When it rains, that nitrogen leaches into streams and rivers, killing native freshwater fish and eels, and human babies turn blue and die from drinking contaminated tap water.

But an even worse problem is the truly huge amounts of methane produced by cows. Methane is probably the very worst greenhouse gas.

Why talk about New Zealand’s dairy cow problems in these pages about Gwangju and Jeollanam-do?

South Korea recently started converting perfectly devoloped, productive ancient rice fields to modern high-rise apartments in some places, and milking sheds and cow barns in others.

As Gwangju News’ editor, William Urbanski, pointed out in a recent column, building ever more high-rise apartment blocks is folly. I agree, especially due to the carbon dioxide pollution created by all that concrete. But poohs and wees from one cow is the same as the pollution created by about 14 humans. One cow shed hidden in the countryside is like a whole apartment block of families, but without the sewage treatment system.

How is all that effluent dealt with in South Korea? Are Korean cows trained to sit on toilets? Or does all that liquid crap get washed into local waterways to poison the remnants of wildlife, eventually getting back into urban water supplies?

An even more urgent question for us in Gwangju is: If New Zealand can make such a mess of its land, water, and air, and take three decades before even starting to consider the situation, how quickly can South Korea learn from that Kiwi disaster and halt our journey down this wrong way street of history?

Conclusion

If South Korea and New Zealand can change for the worse, we can also consciously decide to change for the better. Both countries hugely reduced smoking and saw the recent rise of pure electric cars zipping cleanly, silently down our streets.

But both nations have also made massive messes of our natural ecology. The time for indulging any industry making industrial greenhouse gas pollution is over.

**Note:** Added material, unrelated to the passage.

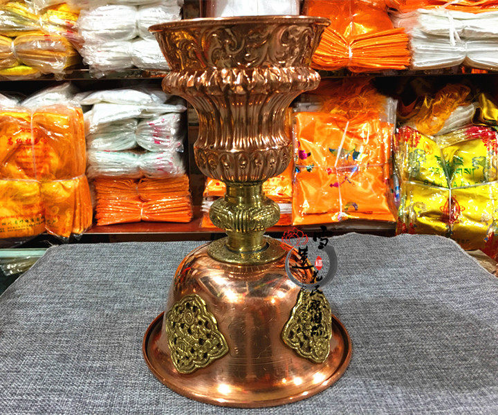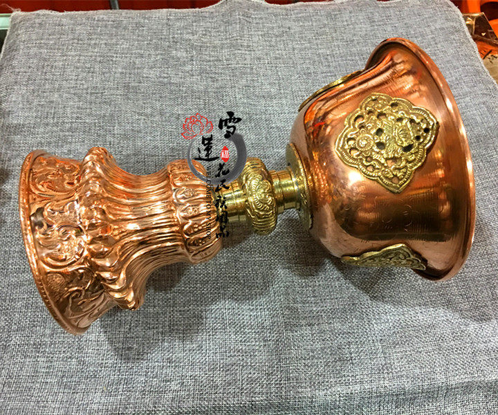 Tibetan-style Nepalese copper butter lamp Babao decal lamp, caliber 12 5 cm

Corporations will pay public relations reps to lie about loss of “freedom,” but they’re talking in code about their sense of entitlement to pollute the air we breathe and water we drink. They’ve been privatizing profits while socializing costs such as pollution, simply saying it’s not their problem.

The latest Intergovernmental Panel on Climate Change report explains just how desperate our situation is right now due to such industrial scale pollution. The Jeolla-do drought that only just ended proves this. Auckland, the largest city in New Zealand, has had a state of emergency declared three times already this year due to floods.

Later this year, New Zealand space agency Rocket Lab is due to launch MethaneSAT, a methane-tracking satellite system that can trace real-time emissions from leaky oil or gas wells and dirty dairy farms alike. Such tech tools are nice to have. But what we need is to use methods we know worked for reducing cigarette smoking, and apply them to cancer-causing dirty dairy and meat products: End advertising and keep increasing prices via taxes every year over a decade or so, as long as it takes to reduce and end that industry. Perhaps then we can say we are respecting younger and future generations – of all species – instead of spitting on them while indulging our industrialstrength addictions.

Julian Warmington taught for twenty years at the university level in South Korea, half of which he spent in Gwangju. He established the Busan Climate Action Film Festival, presented internationally on teaching environmental issues in ESL, and misses traditional Korean water-based ice patbingsu in summer.